== WHAT IS NEEDED ==
From the first line to the last, restate the material word for word, omitting pictures.

== SOURCE MATERIAL ==
- - -

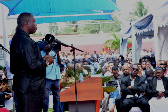 Mkurugenzi wa Azam Media Tido Mhando akizungumza wakati wa kutoa heshima za mwisho kwa waliokuwa wafanyakazi wa Azam Media waliofariki jana kwa ajali ya gari mkoani Singida.
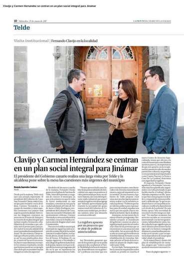 Los dos periódicos regionales editados en Gran Canaria dedican amplias referencias a la presencia de Clavijo en la ciudad, donde, tal y como adelantó TELDEACTUALIDAD, Gobierno canario y Ayuntamiento acordaron que el Valle de Jinámar sea pionero para una política social menos asistencialista.
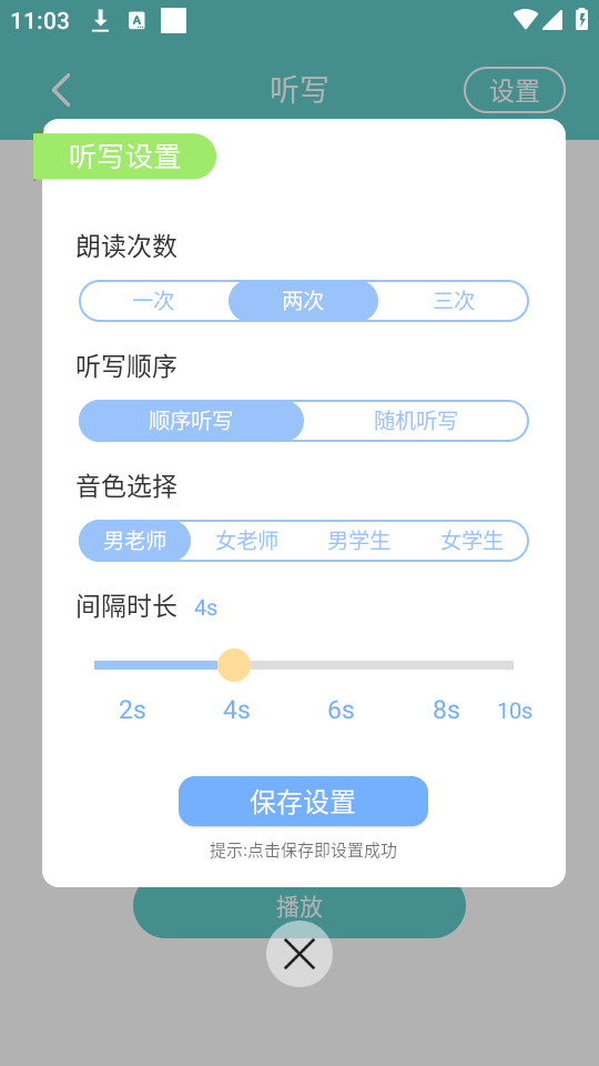 【语文听写】:多种发音供你选择,写字时间不够用?设置间隔时长来解决!循环朗读,词语联想!宝宝听写练字不用愁。

- - -

== RESPONSE BELOW ==
 Mkurugenzi wa Azam Media Tido Mhando akizungumza wakati wa kutoa heshima za mwisho kwa waliokuwa wafanyakazi wa Azam Media waliofariki jana kwa ajali ya gari mkoani Singida.
 Los dos periódicos regionales editados en Gran Canaria dedican amplias referencias a la presencia de Clavijo en la ciudad, donde, tal y como adelantó TELDEACTUALIDAD, Gobierno canario y Ayuntamiento acordaron que el Valle de Jinámar sea pionero para una política social menos asistencialista.
 【语文听写】:多种发音供你选择,写字时间不够用?设置间隔时长来解决!循环朗读,词语联想!宝宝听写练字不用愁。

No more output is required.